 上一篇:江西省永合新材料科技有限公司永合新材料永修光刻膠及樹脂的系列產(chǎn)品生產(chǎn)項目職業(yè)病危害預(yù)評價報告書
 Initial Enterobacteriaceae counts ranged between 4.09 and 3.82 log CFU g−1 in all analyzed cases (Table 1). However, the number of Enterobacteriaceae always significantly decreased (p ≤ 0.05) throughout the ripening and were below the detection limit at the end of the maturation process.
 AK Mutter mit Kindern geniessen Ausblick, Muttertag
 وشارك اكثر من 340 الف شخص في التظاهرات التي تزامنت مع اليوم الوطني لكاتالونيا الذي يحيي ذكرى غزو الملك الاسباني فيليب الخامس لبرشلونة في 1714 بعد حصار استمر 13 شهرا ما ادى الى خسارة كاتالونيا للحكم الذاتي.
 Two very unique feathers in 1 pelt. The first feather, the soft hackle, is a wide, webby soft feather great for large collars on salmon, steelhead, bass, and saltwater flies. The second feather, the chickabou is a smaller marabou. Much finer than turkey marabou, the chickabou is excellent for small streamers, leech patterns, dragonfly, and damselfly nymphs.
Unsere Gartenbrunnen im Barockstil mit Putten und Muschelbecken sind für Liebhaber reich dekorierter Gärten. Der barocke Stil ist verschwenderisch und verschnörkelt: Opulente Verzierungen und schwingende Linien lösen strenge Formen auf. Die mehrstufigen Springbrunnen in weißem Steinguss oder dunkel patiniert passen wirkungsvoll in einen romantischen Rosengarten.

----

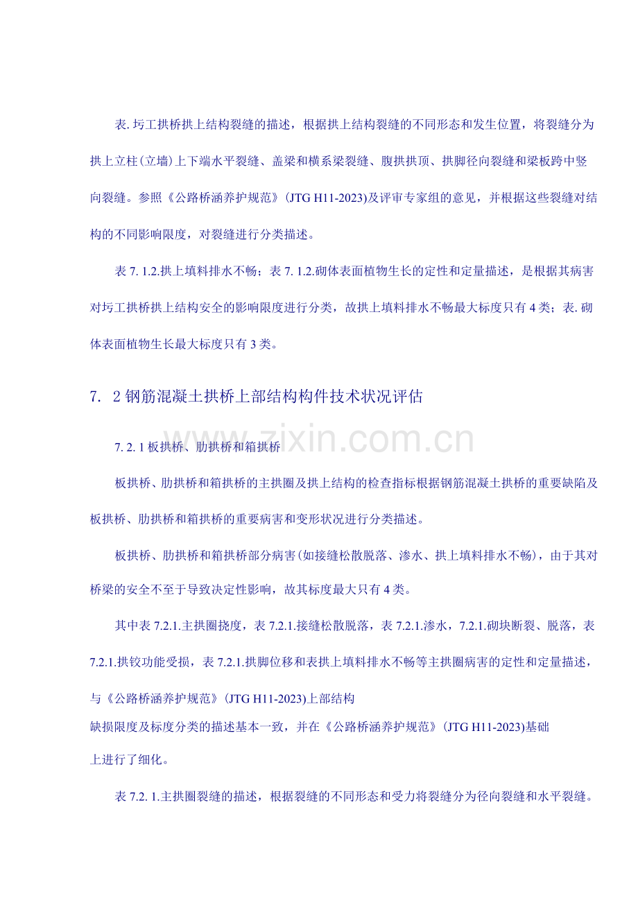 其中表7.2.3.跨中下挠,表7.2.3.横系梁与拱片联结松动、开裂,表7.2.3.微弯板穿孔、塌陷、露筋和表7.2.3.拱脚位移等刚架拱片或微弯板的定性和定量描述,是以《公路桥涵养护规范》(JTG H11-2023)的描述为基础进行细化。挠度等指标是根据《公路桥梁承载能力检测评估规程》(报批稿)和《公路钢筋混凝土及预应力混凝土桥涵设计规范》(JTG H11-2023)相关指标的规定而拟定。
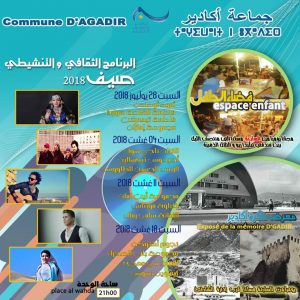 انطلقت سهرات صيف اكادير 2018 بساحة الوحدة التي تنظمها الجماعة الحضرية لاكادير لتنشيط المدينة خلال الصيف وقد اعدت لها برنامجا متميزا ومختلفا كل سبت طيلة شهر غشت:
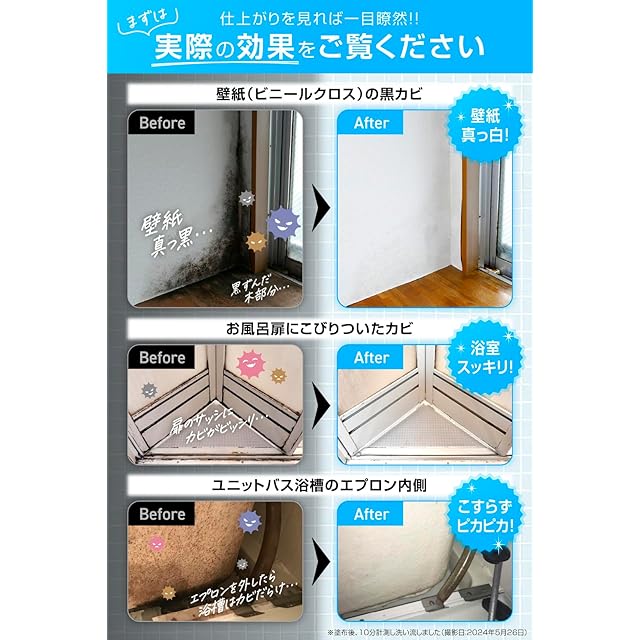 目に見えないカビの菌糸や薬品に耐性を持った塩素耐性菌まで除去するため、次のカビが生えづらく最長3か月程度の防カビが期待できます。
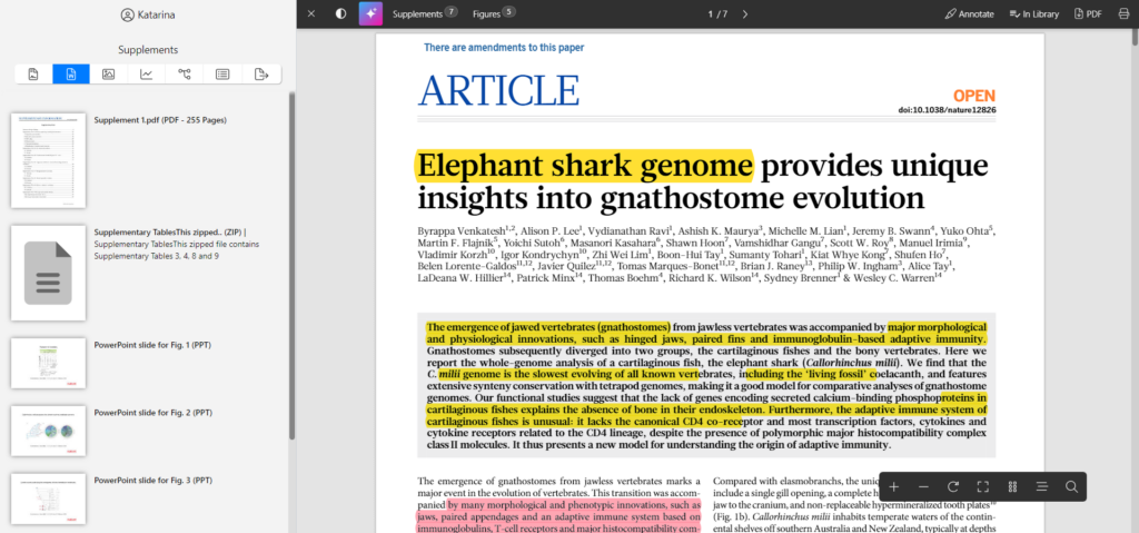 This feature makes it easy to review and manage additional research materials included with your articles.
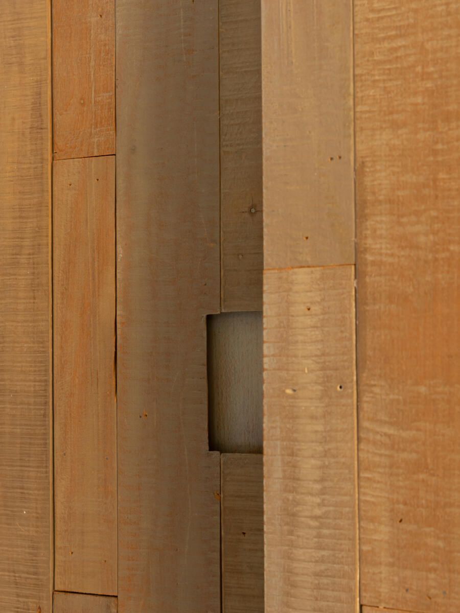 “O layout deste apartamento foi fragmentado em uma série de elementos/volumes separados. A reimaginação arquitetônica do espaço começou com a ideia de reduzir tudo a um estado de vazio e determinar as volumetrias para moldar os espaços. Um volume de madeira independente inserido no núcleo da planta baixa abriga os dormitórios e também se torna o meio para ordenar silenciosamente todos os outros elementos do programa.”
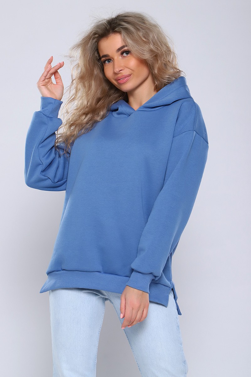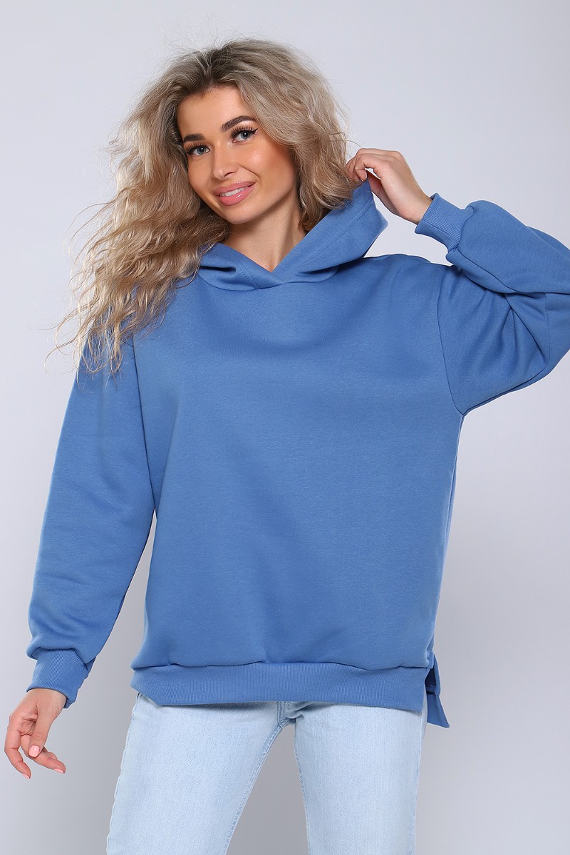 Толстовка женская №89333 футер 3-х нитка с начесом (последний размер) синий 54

----

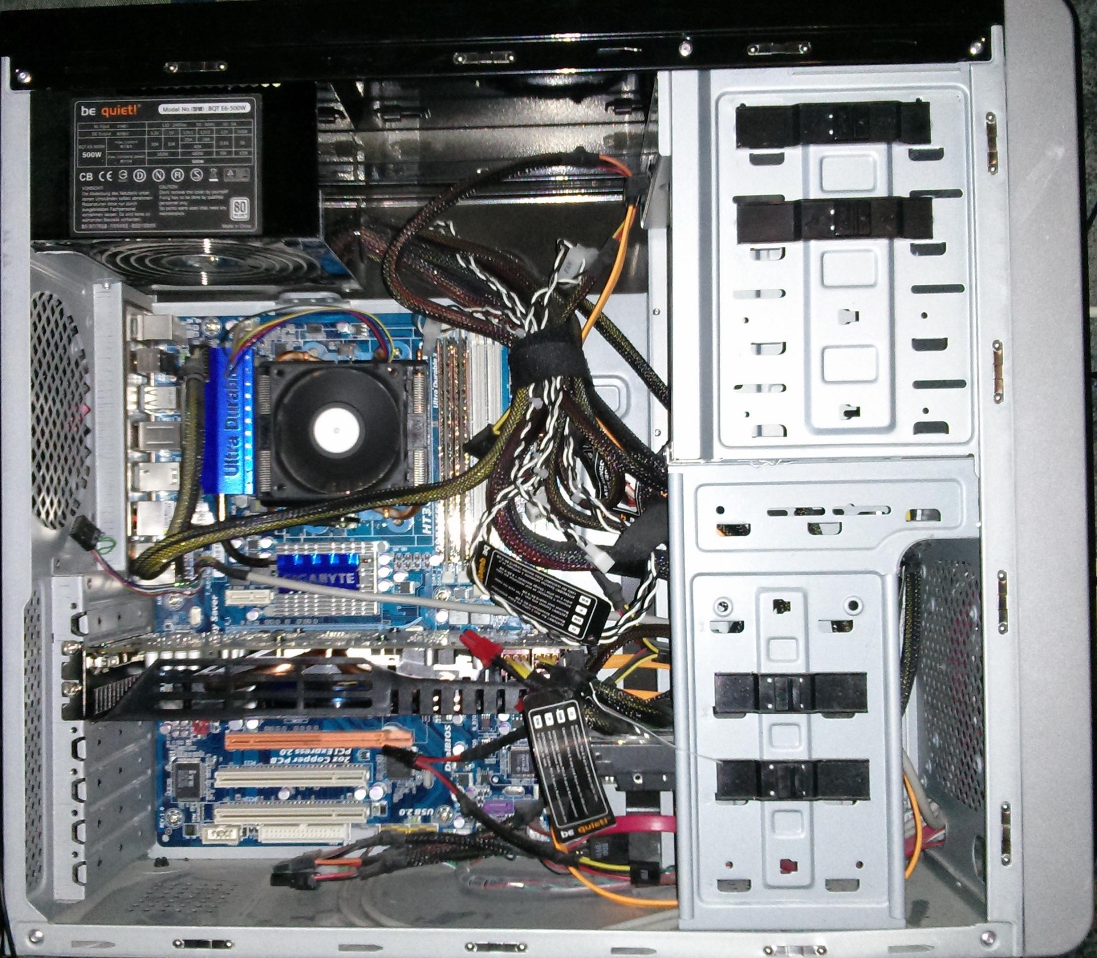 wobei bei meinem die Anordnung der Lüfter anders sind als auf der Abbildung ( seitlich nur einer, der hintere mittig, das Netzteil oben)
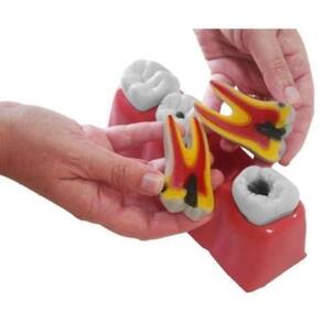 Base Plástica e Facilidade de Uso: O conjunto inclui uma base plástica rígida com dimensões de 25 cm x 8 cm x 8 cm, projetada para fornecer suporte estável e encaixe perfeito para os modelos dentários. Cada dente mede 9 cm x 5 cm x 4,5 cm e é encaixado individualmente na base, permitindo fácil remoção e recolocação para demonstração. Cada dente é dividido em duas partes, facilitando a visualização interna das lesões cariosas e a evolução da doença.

----

Task objective> Go through the listing above and write out exactly the lines starting with the one holding "上一篇:江西省永合新材料科技" and running through the one holding "Unsere Gartenbrunnen im", ends included, and no others.

Reply to the task>
 上一篇:江西省永合新材料科技有限公司永合新材料永修光刻膠及樹脂的系列產(chǎn)品生產(chǎn)項目職業(yè)病危害預(yù)評價報告書
 Initial Enterobacteriaceae counts ranged between 4.09 and 3.82 log CFU g−1 in all analyzed cases (Table 1). However, the number of Enterobacteriaceae always significantly decreased (p ≤ 0.05) throughout the ripening and were below the detection limit at the end of the maturation process.
 AK Mutter mit Kindern geniessen Ausblick, Muttertag
 وشارك اكثر من 340 الف شخص في التظاهرات التي تزامنت مع اليوم الوطني لكاتالونيا الذي يحيي ذكرى غزو الملك الاسباني فيليب الخامس لبرشلونة في 1714 بعد حصار استمر 13 شهرا ما ادى الى خسارة كاتالونيا للحكم الذاتي.
 Two very unique feathers in 1 pelt. The first feather, the soft hackle, is a wide, webby soft feather great for large collars on salmon, steelhead, bass, and saltwater flies. The second feather, the chickabou is a smaller marabou. Much finer than turkey marabou, the chickabou is excellent for small streamers, leech patterns, dragonfly, and damselfly nymphs.
Unsere Gartenbrunnen im Barockstil mit Putten und Muschelbecken sind für Liebhaber reich dekorierter Gärten. Der barocke Stil ist verschwenderisch und verschnörkelt: Opulente Verzierungen und schwingende Linien lösen strenge Formen auf. Die mehrstufigen Springbrunnen in weißem Steinguss oder dunkel patiniert passen wirkungsvoll in einen romantischen Rosengarten.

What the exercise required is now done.